The press device 64a, which is provided for the compression molding of the individual strand sections 62a, includes a lower mold part 66a and an upper mold part 68a, which is movably arranged in relation to the lower mold part 66a along a vertical axis 70a. The upper mold part 68a is pressed by means of a hydraulically driven press element 72a onto the lower mold part 66a during a pressing operation by the press device 64a. Fundamentally, however, press devices driven mechanically and/or with compressed air are conceivable at any time in a further embodiment of the invention. If a strand section 62a is guided by the transport belt 48a of the transport unit 14a into the press device 64a and onto the lower mold part 66a, this is followed by the compression of the upper mold part 68a onto the lower mold part 66a by the press element 72a, and the strand section 62a is pressed together with the separating powder 18a adhering to the underside 20a into the desired form.

A further embodiment of the device 10b for transporting a material strand 12b is illustrated in FIGS. 2 and 3. Reference can be made to the description of the illustrative embodiments in FIG. 1 in respect of characteristic features and functions that remain the same. Component parts and characteristic features which correspond in essential respects are basically identified with the same reference designations, in conjunction with which the letters a (in FIG. 1) or b (in FIGS. 2 and 3) have been added to the reference designations for the purpose of distinguishing between the illustrative embodiments. The subsequent description in FIGS. 2 and 3 is restricted essentially to the differences from the illustrative embodiment in FIG. 1.

A device 10b for transporting a material strand 12b is illustrated in FIG. 2. The device 10b includes a transport unit 14b, which is arranged for transporting the material strand 12b, together with a discharge unit 16b and a unit 28b, which is arranged for the purpose of dispensing the material strand 12b. The material strand 12b emerges from the unit 28bin a molten state. The material strand 12b is in the form of a thin and sticky plastic strand, for example a glass fiber-reinforced plastic strand.

The discharge unit 16b is arranged for the dispensing of a separating layer 26b, which provides for the separation of the material strand 12b and a transport belt 38b, 48b of the transport unit 14b. The separating layer 26b in this case is in the form of a nonwoven glass fiber fabric, which provides a continuous and—where considered necessary—wall-to-wall substrate for the material strand 12b. The separating layer 26b formed by the nonwoven glass fiber fabric is advantageously adapted in this case to a reinforcing material for the material strand 12b formed from glass fiber.

The discharge unit 16b comprises a seat 80b, a discharge channel 82b and the transport belt 38b. The separating layer 26b is suspended in rolled-up form in the seat 80b and is unrolled in conjunction with its discharge. The separating layer 26b is discharged via the discharge channel 82b in an unrolled condition. The discharge channel 82b is surrounded for part of its section by heating elements 84b, 86b, which preheat the separating layer 26b to a temperature of the material strand 12b. The preheated separating layer 26b is applied to the transport belt 38b, and the material strand 12b is then laid with its underside 20b in front onto the separating layer 26b, so that the separating layer 26b is arranged between the material strand 12b and the transport belt 38b. The separating layer 26b in this case adheres to a sticky surface of the underside 20b of the material strand 12b. In addition, the separating layer 26b includes nonstick characteristics in relation to the transport belt 38b, so that adhesion between the material strand 12b and the transport belts 38b is prevented.
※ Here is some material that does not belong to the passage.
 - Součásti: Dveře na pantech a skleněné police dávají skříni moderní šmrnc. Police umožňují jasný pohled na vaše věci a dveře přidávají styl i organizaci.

Further processing of the material strand 12b together with the separating layer 26b takes place via the transport unit 14b, a cutting device 54b and a pressing device 64b. Transporting, parting and pressing of the material strand 12b together with the separating layer 26b take place in this case in a manner that remains identical to the embodiments in FIG. 1.
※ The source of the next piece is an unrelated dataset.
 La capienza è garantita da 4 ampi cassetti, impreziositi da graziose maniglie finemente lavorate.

Illustrated in FIG. 3 is an alternative embodiment to that illustrated in FIG. 2 for a discharge unit 16b for a separating layer 26b. The discharge unit 16b in this case comprises a seat 80b, a discharge channel 82b and a roller body 88b. A separating layer 26b is applied in this case through the discharge unit 16b directly onto an underside 20b of a material strand 12b. The separating layer 26b is suspended in rolled-up form in the seat 80b and is unrolled in conjunction with its discharge. The separating layer 26b is discharged via the discharge channel 82b in an unrolled condition. The discharge channel 82b is surrounded for part of its section by heating elements 84b, 86b, which preheat the separating layer 26b to a temperature of the material strand 12b. The preheated separating layer 26b is applied directly to the underside 20b of the material strand 12b via the roller body 88b. The roller body 88b, by which the separating layer 26b is guided to the material strand 12b, causes the separating layer 26b to be pressed against the underside 20b of the material strand 12b. The separating layer 26b adheres to the material strand 12b through a sticky surface of the underside 20b of the material strand 12b. The material strand 12b is then laid with a side exhibiting the separating layer 26b in front onto a transport belt 38b of the transport unit 14b, so that adhesion of the material strand 12b to the transport belt 38b is prevented.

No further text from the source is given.